What is Krack? The Wi-Fi security flaw explained
Apple and Google have both promised to fix the Krack WPA2 security flaw that leaves masses of routers and Wi-Fi connections vulnerable to hackers.
Discovered on Monday October 16, the Krack flaw can be exploited by hackers to intercept encrypted network traffic and inject malicious code such as ransomware into websites – despite Wi-Fi networks appearing to be secure through the WPA2 protocol.
Google has now said it will release a patch on November 6 to secure Wi-Fi connections on Android devices, though makers of Android phones with their own custom skins and modifications will need to push out their own patch to their customers.
Apple has also stated that it has developed macOS and iOS patches that are currently being tested and will be rolled out to its users within a matter of weeks.
Microsoft appears to have been well ahead of the game, with the Redmond-based company explaining it has issued a security update last week that fixes the security hole for Windows 10 and Windows 8, and even Windows 7 users.
The potential scope for the Krack vulnerability to wreak havoc and allow hackers to steal valuable information such as credit card details, passwords and user names, is rather large.
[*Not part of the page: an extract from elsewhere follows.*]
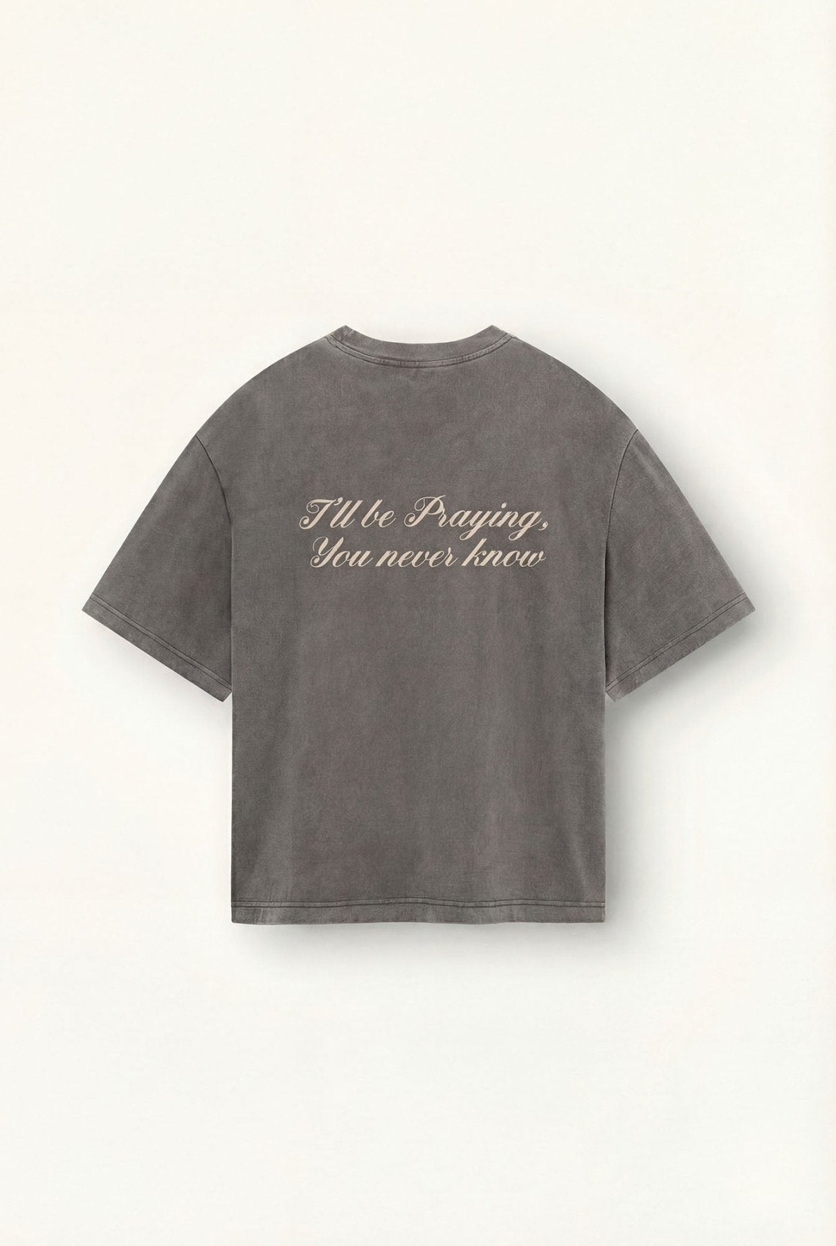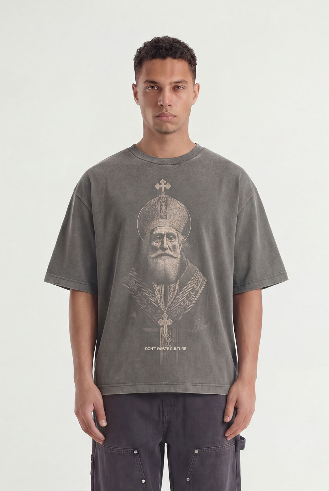 Crafted from heavyweight 250gsm cotton, the fabric is substantial and structured. The heavy vintage wash softens the surface and gives the washed black base a worn, time-aged character. Cut in a boxy silhouette with wider sleeves and a slightly shorter length, the proportions feel deliberate and balanced. The realistic Saint Nicholas print on the front carries visual weight, while the quote on the back completes the narrative.

But before you go around shutting off every Wi-Fi device in your house, it’s worth noting that hackers need to be in range of your Wi-Fi connection to exploit it.
Plus, if you are connecting to a site that uses the more secure HTTPS standard, then your data travelling to and from it should have an extra layer of encryption to discourage cyber crooks from swiping it; but in the same vein, sites using the older the HTTP standard should be avoided.
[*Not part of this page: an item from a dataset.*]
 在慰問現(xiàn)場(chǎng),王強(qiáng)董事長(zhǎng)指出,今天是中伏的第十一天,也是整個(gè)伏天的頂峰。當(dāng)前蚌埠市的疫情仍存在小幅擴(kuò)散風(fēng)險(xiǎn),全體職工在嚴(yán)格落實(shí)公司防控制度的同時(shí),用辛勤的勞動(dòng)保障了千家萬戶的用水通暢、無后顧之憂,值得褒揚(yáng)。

It’s also worth ensuring you have the latest updates for your Wi-Fi devices and that the security software on your computer is up-to-date. Making use of a virtual private network (VPN) when connecting to a public Wi-Fi hotspot will also help keep you out of the sights of hackers looking to exploit Krack while they have the chance.
Overall, Krack is a nasty vulnerability, but it would appear that the major tech companies are on the case to plug the security hole and force hackers and cyber criminals to find new vectors of attack.